In the process of downloading, first find all defined download middleware, including built-in definition, can also extend the download middleware, before downloading the first to execute process_request, Request processing, processing, verification and other operations, and then launch the real network download. The first parameter download_func, in this case the _enqueue_request method of Downloader:

Call Downloader _enqueue_request after downloading successfully:

def _enqueue_request(self, request, spider):
    Join the download queue
    key, slot = self._get_slot(request, spider)
    request.meta['download_slot'] = key

    def _deactivate(response):
        slot.active.remove(request)
        return response

    slot.active.add(request)
    deferred = defer.Deferred().addBoth(_deactivate)
    # download queue
    slot.queue.append((request, deferred))
    # Process the download queue
    self._process_queue(spider, slot)
    return deferred
    
def _process_queue(self, spider, slot):
    if slot.latercall and slot.latercall.active():
        return

    Delay the queue if the delay download parameter is configured
    now = time()
    delay = slot.download_delay()
    if delay:
        penalty = delay - now + slot.lastseen
        if penalty > 0:
            slot.latercall = reactor.callLater(penalty, self._process_queue, spider, slot)
            return

    # Process the download queue
    while slot.queue and slot.free_transfer_slots() > 0:
        slot.lastseen = now
        Fetch the download request from the download queue
        request, deferred = slot.queue.popleft()
        # Start downloading
        dfd = self._download(slot, request, spider)
        dfd.chainDeferred(deferred)
        # delay
        if delay:
            self._process_queue(spider, slot)
            break
            
def _download(self, slot, request, spider):
    The handlers' download_request is registered
    dfd = mustbe_deferred(self.handlers.download_request, request, spider)

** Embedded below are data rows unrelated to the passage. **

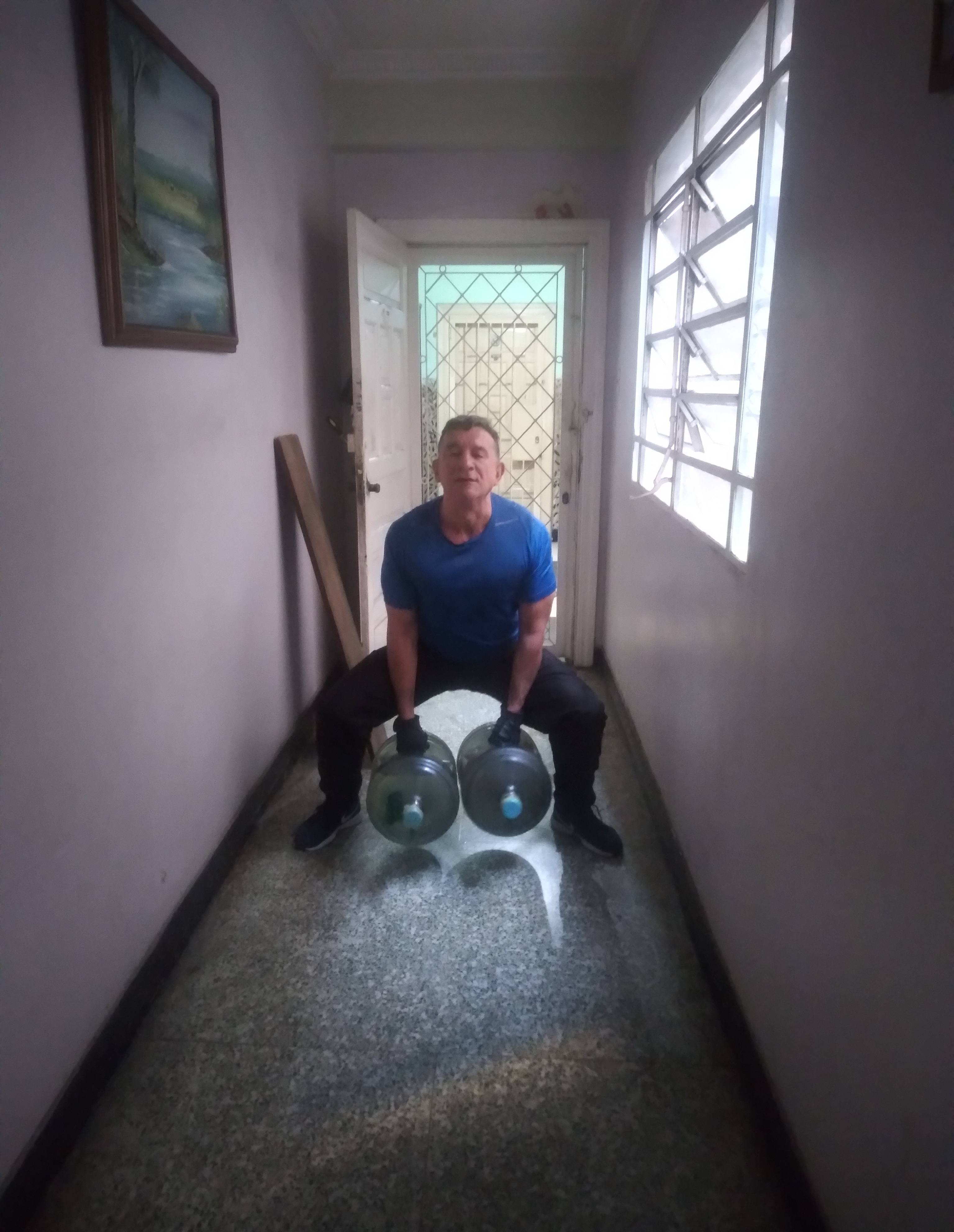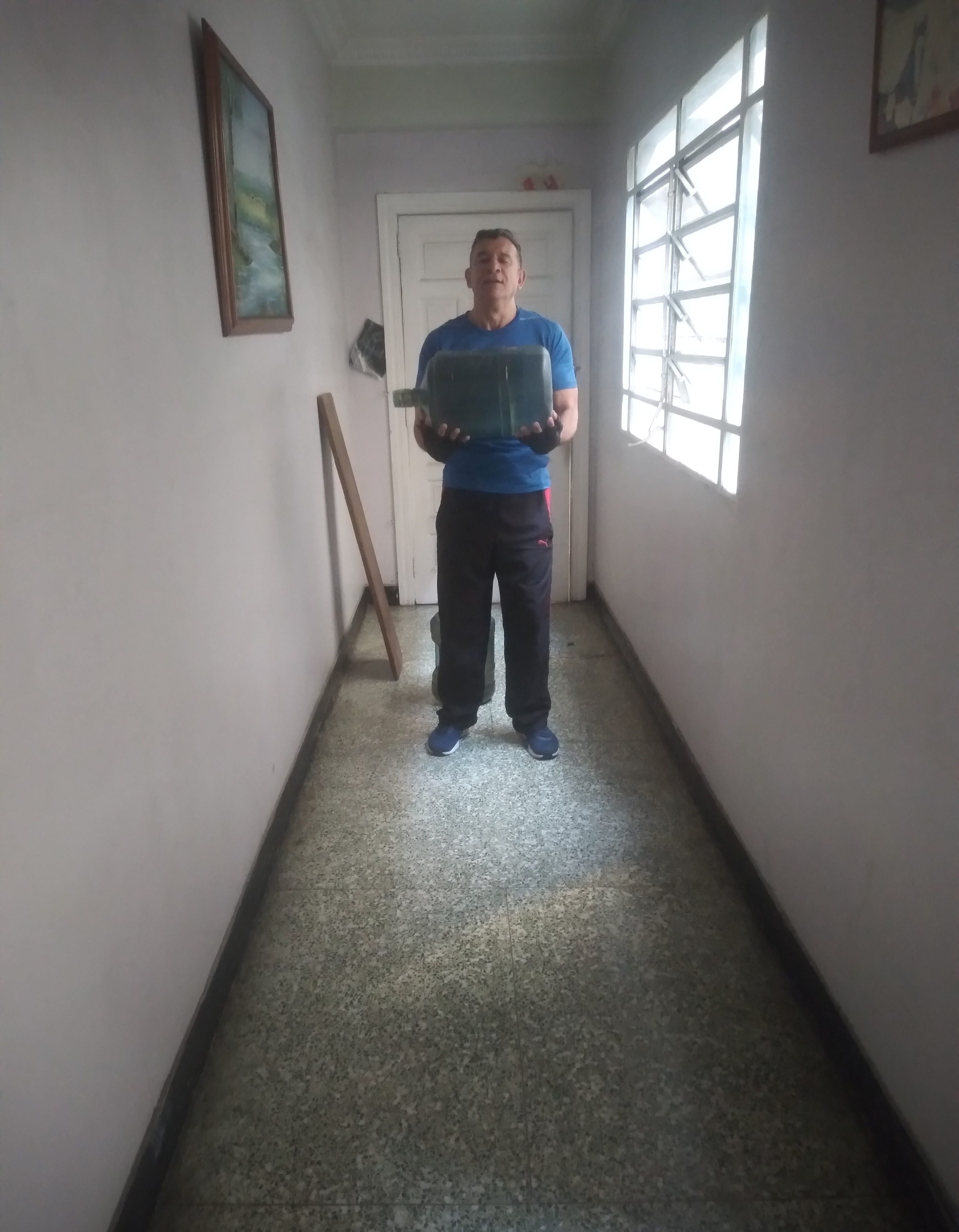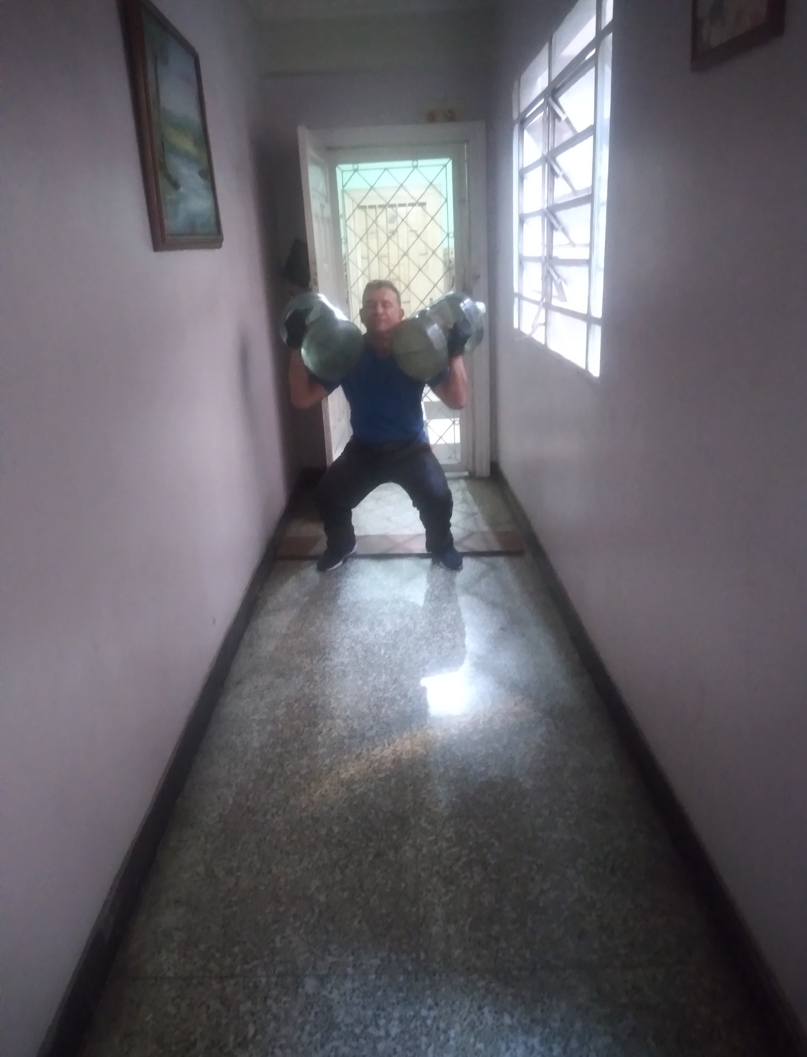 El segundo ejercicio también fue Curls de bíceps, lo realicé con el botellón. Hice 4 series de 25 repeticiones.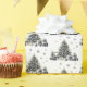 Celebrate the season with this elegant Christmas tree wrapping paper featuring a repeating pattern of a sophisticated black and white watercolor Christmas tree. Each tree is subtly accented with a slight green hue and surrounded by presents and delicate falling snowflakes, giving the design a festive yet refined touch.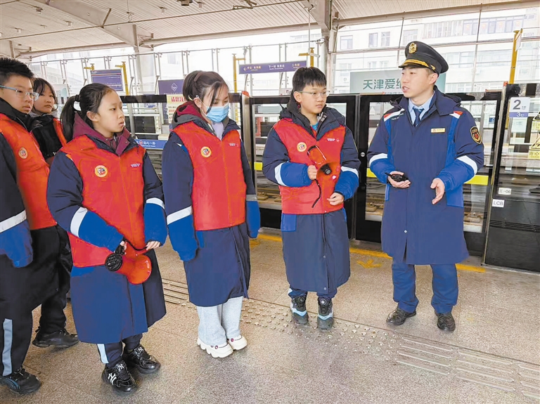 昨日上午,天津轨道交通运营集团在地铁9号线二号桥站开展“学雷锋”志愿服务月“青春出列 志愿同行”主题活动。河东区友爱道小学的30名师生代表走进二号桥站研学体验馆,依次在理论学习区、客服中心实操区、安检实操区、活地图打卡区、自动售票机操作区、闸机操作区六大功能区域开展沉浸式研学。在工作人员细致讲解下,同学们学习安全乘车、文明出行等知识,亲身体验客服问询、安检流程、自助购票、闸机进出站等环节,在趣味互动中了解地铁运营服务流程,感受轨道交通文化魅力。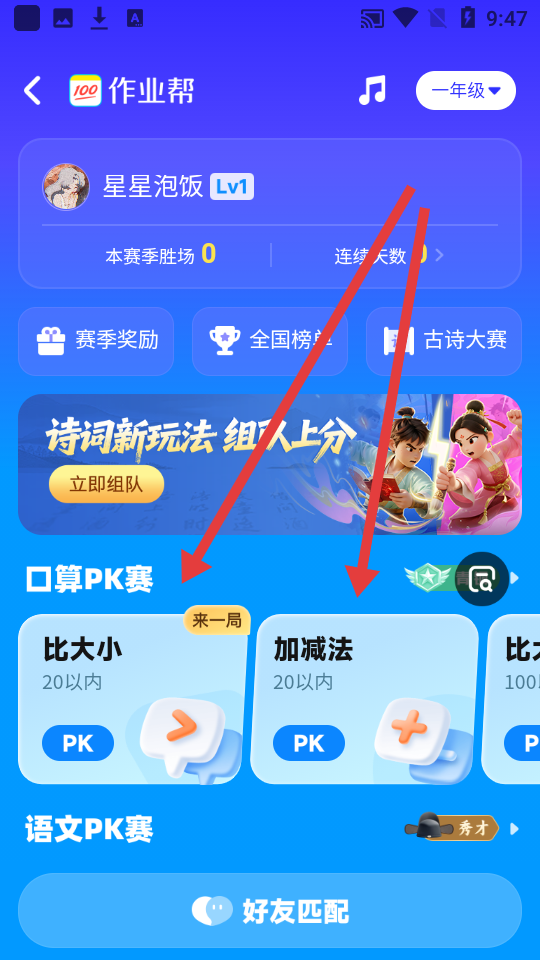 2、进入口算PK赛页面,选择想要参与的口算题型,比如比大小、加减法等,并点击PK按钮。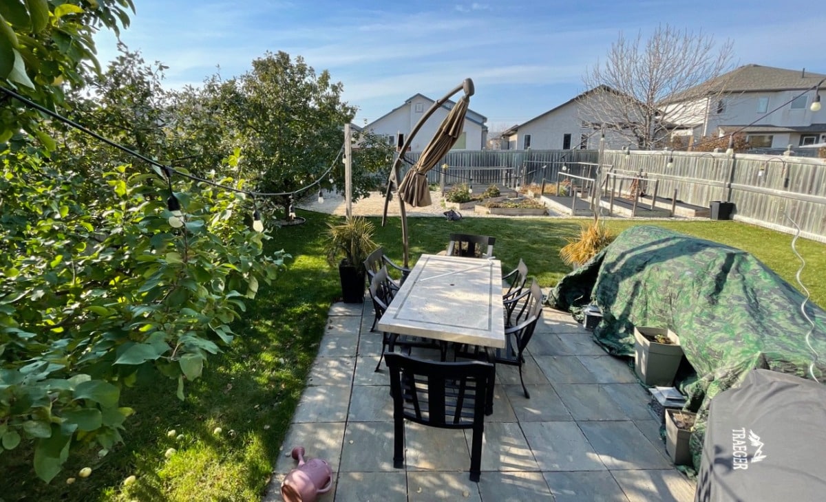 - Charming Patio & Fireplace: The heart of this backyard is a spacious paver patio featuring a beautifully crafted stone fireplace, adding warmth and character to the space.

    Register to download the completion callback method
    def _downloaded(response):
        self.signals.send_catch_log(signal=signals.response_downloaded,
                                    response=response,
                                    request=request,
                                    spider=spider)
        return response
    dfd.addCallback(_downloaded)

    slot.transferring.add(request)

    def finish_transferring(_):
        slot.transferring.remove(request)
        Call _process_queue when the download is complete
        self._process_queue(spider, slot)
        return _

    return dfd.addBoth(finish_transferring)
Copy the code

A download queue is also maintained, which can be configured to accommodate delayed downloads. Handlers. Download_request:

def download_request(self, request, spider):
    Get the request scheme
    scheme = urlparse_cached(request).scheme
    Get the download handler from Scheeme
    handler = self._get_handler(scheme)
    if not handler:
        raise NotSupported("Unsupported URL scheme '%s': %s" %
                           (scheme, self._notconfigured[scheme]))
    Start the download and return the results
    return handler.download_request(request, spider)
    
def _get_handler(self, scheme):
    Get the corresponding download handler from Scheme
    The configuration file defines the download handler for HTTP, HTTPS, FTP and other resources
    if scheme in self._handlers:
        return self._handlers[scheme]
    if scheme in self._notconfigured:
        return None
    if scheme not in self._schemes:
        self._notconfigured[scheme] = 'no handler available for that scheme'
        return None

    path = self._schemes[scheme]
    try:
        Instantiate the download handler
        dhcls = load_object(path)
        dh = dhcls(self._crawler.settings)
    except NotConfigured as ex:
        self._notconfigured[scheme] = str(ex)
        return None
    except Exception as ex:
        logger.error('Loading "%(clspath)s" for scheme "%(scheme)s"',
                     {"clspath": path, "scheme": scheme},
                     exc_info=True,  extra={'crawler'self._crawler})
        self._notconfigured[scheme] = str(ex)
        return None
    else:
        self._handlers[scheme] = dh
    return self._handlers[scheme]
Copy the code

Before downloading the file, obtain the corresponding download processor by parsing the Request scheme. The default configuration file defines the download processor as follows:

DOWNLOAD_HANDLERS_BASE = {
    'file''scrapy.core.downloader.handlers.file.FileDownloadHandler'.'http''scrapy.core.downloader.handlers.http.HTTPDownloadHandler'.'https''scrapy.core.downloader.handlers.http.HTTPDownloadHandler'.'s3''scrapy.core.downloader.handlers.s3.S3DownloadHandler'.'ftp''scrapy.core.downloader.handlers.ftp.FTPDownloadHandler',}Copy the code

You can then call the download_request method to complete the network download. Instead of going into the details of each processor implementation, you can simply think of it as a wrapped network download library. Type in the URL and it will output the download results for you to understand.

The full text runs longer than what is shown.